Эдуард Пашнев - Человек в коротких штанишках
Алла не спросила, как обычно, что это такое – шанцевый инструмент и что это такое – туляремия, хотя наверняка впервые слышала оба слова. Она бесцельно двинулась по саду, открыла и закрыла калитку, подобрала с земли молоток около кухни, ударила им о первую попавшуюся доску в заборе. Доска спружинила, и молоток отскочил с такой силой, что она его едва удержала в руке.
– Алла, – позвала веселым голосом тетя Леля, – спроси у бабы Наты и бабы Вали, собираются они нас кормить обедом?
Девочка не отозвалась. Она стояла у забора и бессмысленно ударяла молотком по пружинистой доске.
– Алла, ты где?
– Она занята, – ответил я за племянницу.
– Чем? – удивилась Леля.
– Вы думаете, маленькие дети только в рассыльные годятся? «Алла, спроси то, Алла, принеси это», – передразнил я. – Побелкой хотел заняться человек – не дали. Позвали копать огород и обманули. На крышу – нельзя. И так год за годом, год за годом. А потом: ах, попрыгунья-стрекоза выросла. Только и знает, что бессмысленно молотком бить по доске ради развлечения. Доска давно гвоздями приколочена, но это никого не волнует. Пусть бьет молотком по пустому месту, лишь бы не мешала.
Произнося свою речь, я выпрямился во весь рост на крыше, хотя это было опасно, и видел, с каким удивлением меня снизу рассматривают мама Рита и моя жена. Только Алла, не обращая внимания, била методично по доске.
– Где молоток? – высунулась из двери баба Валя. – Я его давно ищу.
– У твоей внучки в руках.
Почувствовав, что все на нее смотрят, Алла с еще большей силой стала бить по доске. Молоток, отскакивая, вырывался из слабенькой руки и проносился около самой головы четырехгранным заостренным снарядом.
– Зайчик, – испуганно подбежала к ней баба Валя. – Зачем ты это делаешь? Ты так нечаянно можешь убить себя.
– А я, может, хочу умереть. Убей меня.
– Ну-ка, дай сюда молоток. И не смей его больше никогда брать в руки. И уматывай в холодок от забора, пока я тебе уши не надрала за твои глупые слова.
Баба Валя пошла в дом, девочка двинулась за ней.
– Надери мне уши.
– Ты что, того? – спросил я с крыши.
– Не знаю, того или не того.
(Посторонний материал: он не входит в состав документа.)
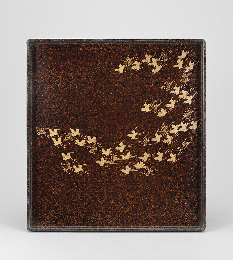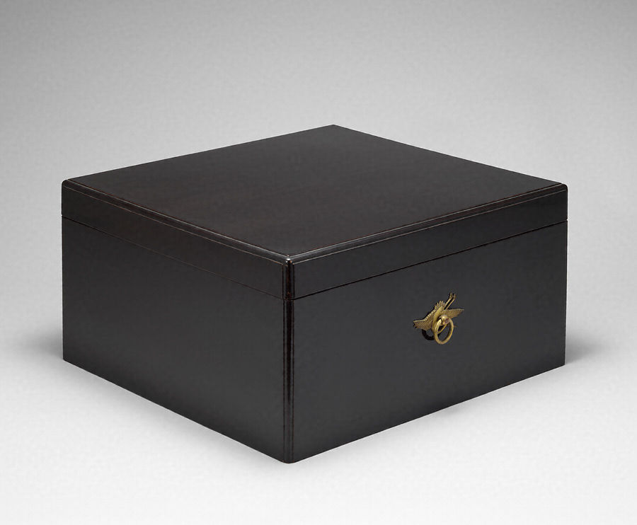 長方形、印籠蓋造、唐戸面取で、総体黒漆塗とし、見返しには淡梨子地に観世千鳥の平蒔絵がある。身の立ち上がりも淡梨子地で、身の内には萌黄地小葵模様の緞子裂が貼られる。鐶は金銅製で、座金は金銅製で鶴の容彫となり、紫平緒の掛紐が附属する。桐製の外箱の蓋甲には「太鼓 壱/木下政十郎/所蔵」との旧蔵者の墨書がある。

Я еще не понимаю этого.
И она стала ходить за бабой Валей и клянчить:
– Надери мне уши.
– И надеру, дождешься.
– Надери, пожалуйста, мне уши.
– Все ты, все ты, – сказала мне жена. – Видишь, какое она себе премиленькое развлечение нашла.
– Вижу. Было бы гораздо лучше, если бы ты поделилась с маленькой девочкой своим развлечением. Сама и коленки и даже затылок испачкала в мел, а ребенку, видите ли, нельзя.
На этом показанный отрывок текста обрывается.